The case of O. Paskali is exemplary, who quickly arrives at the themes most felt by the sculptors of the new course: from the Portrait of his wife Ketty (1946), psychological-intimate, to the Bust of the hero of the people Vojo Kushi (1949), to the monuments in the poet Naim Frasheri (1950) and Stalin (1957). J. Paco (b. 1914) created an equestrian monument to Skanderbeg in Kruja in 1959, a work of strong dynamic tension. K. Koljaka (b. 1916), a sculptor of great psychological depth, built the monument to Lenin in Tirana in 1954. In 1952 the League of Artists was founded. In 1954 the National Gallery of Modern Art was opened in Tirana.

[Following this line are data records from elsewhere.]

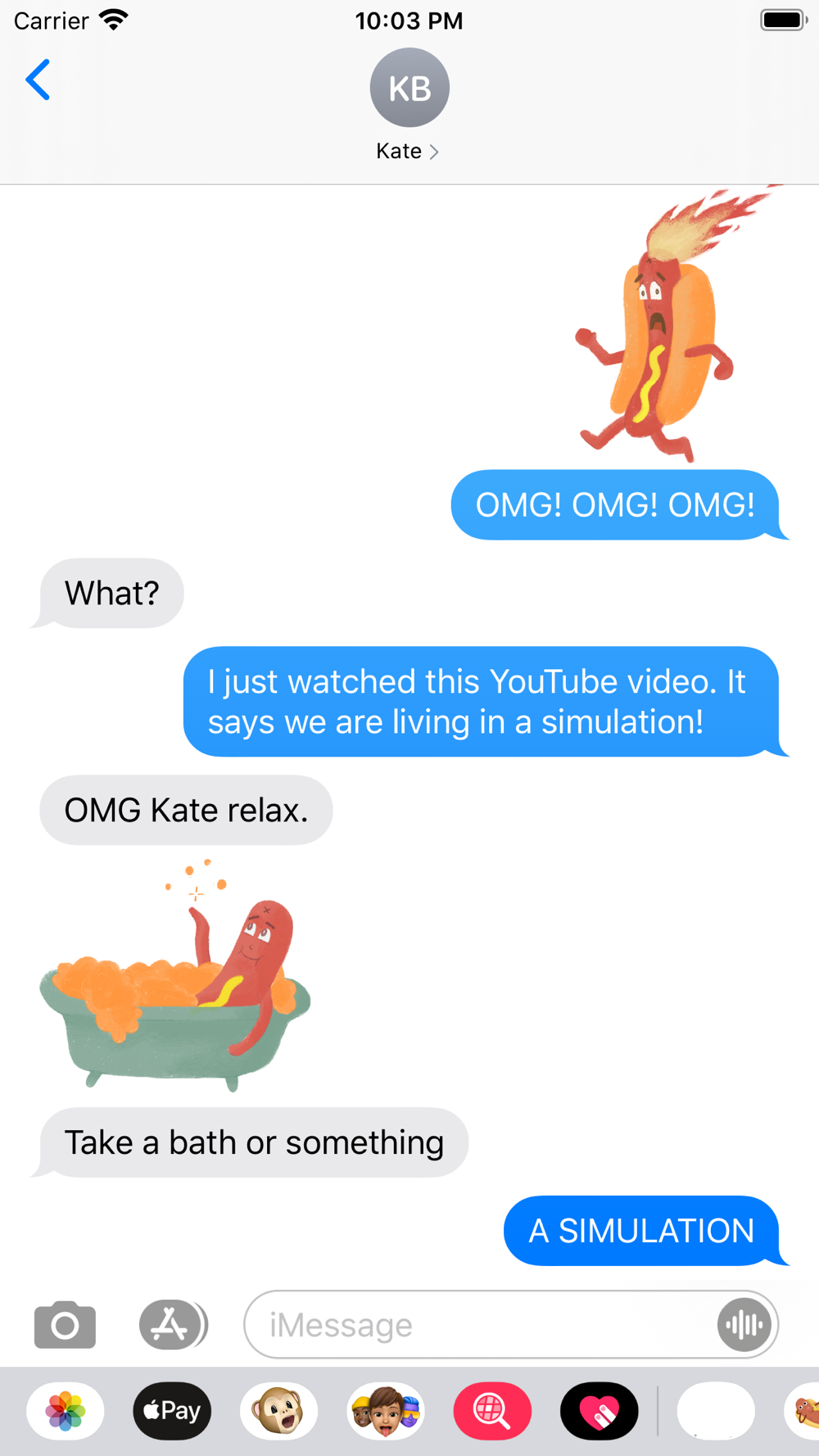 Enclosed in this sticker pack are 14 images of wacky cartoon hotdogs and sausages intended to comedically represent people. Each sticker was hand drawn and digitized using photoshop. Perfect for expressing yourself and making texts more interactive, all stickers come ready to send. Just tap or drag your desired sticker into a text stream and let the party begin.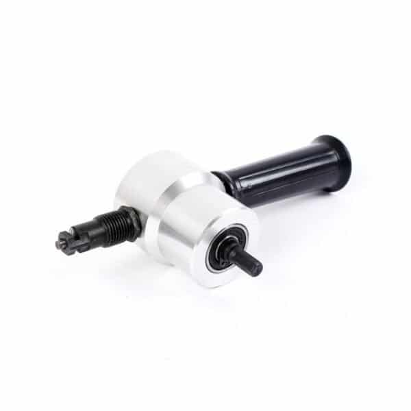 Just simply insert the drive shaft in the chuck of your drill and tighten the chuck, exactly like putting in a drill bit. When you start up the drill and the nibbler will be ready to cut. It will be a helpful tool for cutting sheet metal and corrugated metal roof sheets.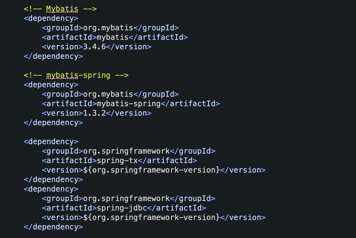 MyBatis와 mybatis-spring을 사용하기 위해서 pom.xml 파일에 추가적인 라이브러리들을 설정해야 한다.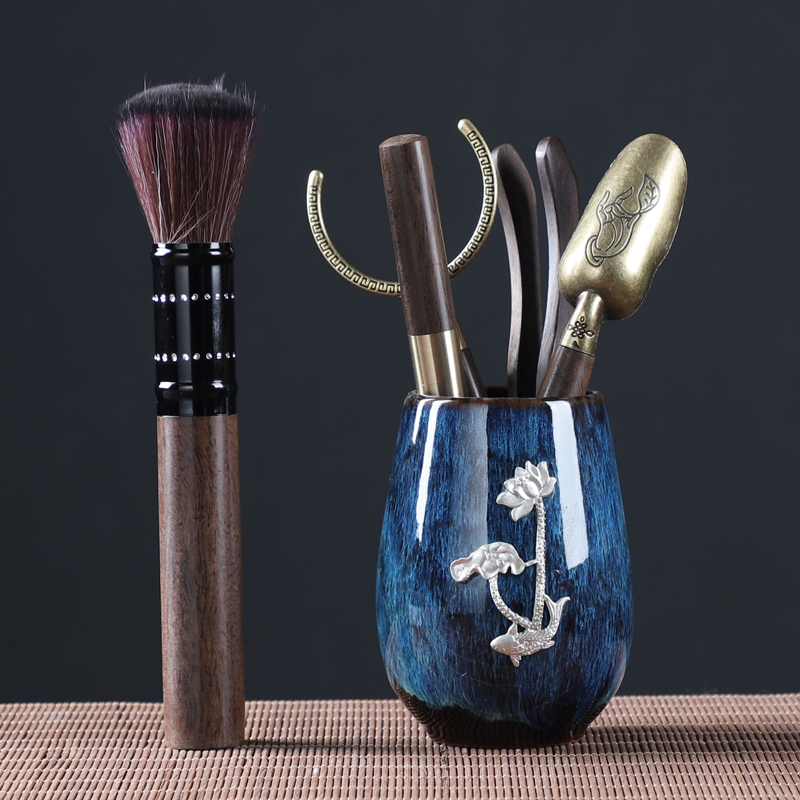 Sand Gold Glazed Tea Ceremony Bucket (Fish Fun) Black Sandalwood Pen Tea Ceremony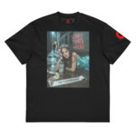 The Scary Times Ahead II T-Shirt captures a chilling scene — a young woman sprawled on concrete, bottle in hand, while a shadowy figure looms in the darkness. No safety. Just pure horror energy.

Cinema. – Virtually non-existent before 1944, Albanian cinematography achieves noteworthy results, such as the director’s prize at the Cannes Film Festival (1953) with the Skanderbeg co-production directed by the Soviet S. Youtkevitch. In 1957 the film Tana paves the way for national production; the director of the film is K. Dhamo, one of the greatest Albanian filmmakers together with D. Anagnosti and V. Gjika. Inspired by the models of socialist realism, Albanian films, often made collectively, exalt the class struggle, proletarian thought, the well-being deriving from socialism, the optimism of the revolutionary masses.
According to itypeusa, Albania is one of the countries that boasts a high number of cinema audiences: out of a population of only 2.5 million residents, annual admissions amount to more than 20 million: a very high figure, considering that there are about 400 cinemas, a lot of which furniture. However, an adequate production of films does not correspond to such an influx of public. In fact, a dozen of them are produced annually, while many feature films are imported from Eastern cinemas.